Matthew Wilcox <[email protected]> writes:

Hi Mathew,
Thanks for reviewing. please find my comments inline.

> On Sat, Apr 15, 2023 at 01:18:32AM +0530, Tarun Sahu wrote:
>> folio_set_order(folio, 0); which is an abuse of folio_set_order as 0-order
>> folio does not have any tail page to set order.
>
> I think you're missing the point of how folio_set_order() is used.
> When splitting a large folio, we need to zero out the folio_nr_pages
> in the tail, so it does have a tail page, and that tail page needs to
> be zeroed. We even assert that there is a tail page:
>
> if (WARN_ON_ONCE(!folio_test_large(folio)))
> return;
>
> Or maybe you need to explain yourself better.
>

Yes, I understand, folio_set_order(order, 0) is called to clear out
tail pages folio_order/folio_nr_pages. With this patch, I am trying
to convey two things:-
1. It is not necessary to clear out these field if page->mapping is
being explicitly updated. I explain this below [EXP].

2. folio_set_order(order, 0) now currently being used to clear
folio_order and folio_nr_pages which is ok. But looking at
folio_set_order(folio, 0) is confusing as setting order 0 implies that
only 1 page in folio. and folio_order and folio_nr_pages are part of
first tail page.

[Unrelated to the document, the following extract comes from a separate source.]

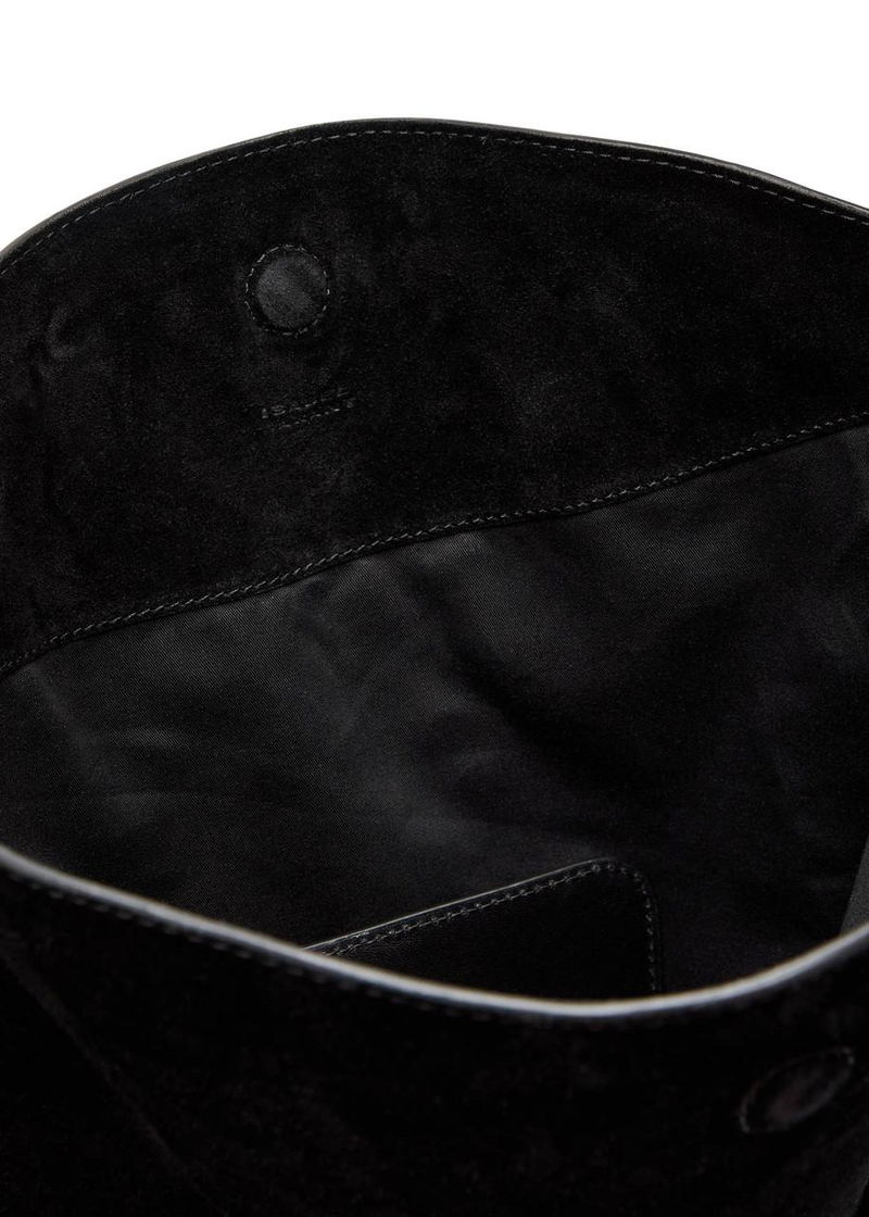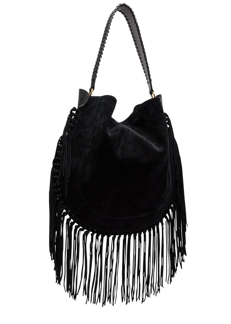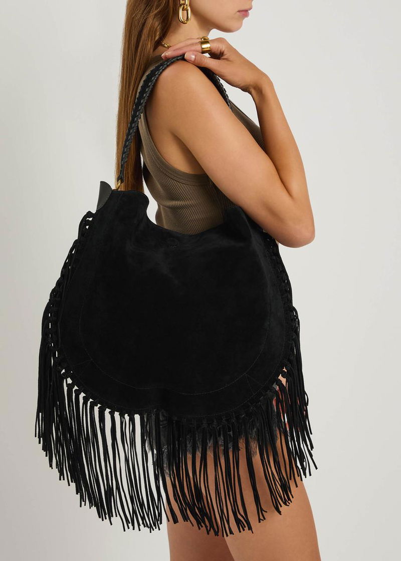 Isabel Marant suede shoulder bag. Shoulder strap with leather whipstitch trim, fringed trim, debossed logo at front, designer-engraved hardware, internal detachable leather pouch, fully lined.

IIRC, there was a discussion to use folio_clear_order
to avoid such confusion. But if above point 1 deemed to be correct, there
will not be any need of this too.

**[EXP]**
IIUC, during splitting, page->mapping is updated
explicitly for tail pages. There is no code path I see, where
folio_set_order(order, 0) or set_compound_order(head, 0) is called
except below two places.

1. __destroy_compound_gigantic_folio
Here, in past there was a problem when struct page used to have
compound_nr field which used to overlap with page->mapping. So
while freeing, it was necessary to explicitly clear out
compound_nr. Which was taken care by Commit ba9c1201beaa
("mm/hugetlb: clear compound_nr before freeing gigantic pages").

But after, Commit a01f43901cfb ("hugetlb: be sure to free demoted CMA
pages to CMA"), page->mapping has explicitly been cleared out for
all tail pages.

for (i = 1; i < nr_pages; i++) {
p = folio_page(folio, i);
p->mapping = NULL; <======== (Here)
clear_compound_head(p);
if (!demote)
set_page_refcounted(p);
}
folio_set_order(folio, 0); <== this line can be removed.

2. __prep_compound_gigantic_folio
Here, folio_set_order(folio, 0) is called in error path only.
which can be avoided if we call folio_set_order(folio, order)
after the for loop.
I am new to memory allocators. But as far as I could understood by
looking at past discussion around this function [1][2], During RCU
grace period there could be a race condition causing ref count
inflation. But IIUC, that doesn't have any dependency on newly
allocated gigantic page except that the ref count might be taken
by folio_ref_try_add_rcu for the same page/s which will cause
prep_compound_gigantic_folio to fail. So IMHO, it will be ok to
move __folio_set_head and folio_set_order after the for loop.
Here, Just for reference, below I copy pasted the *for loop*,
from before, I am moving these two calls to after this.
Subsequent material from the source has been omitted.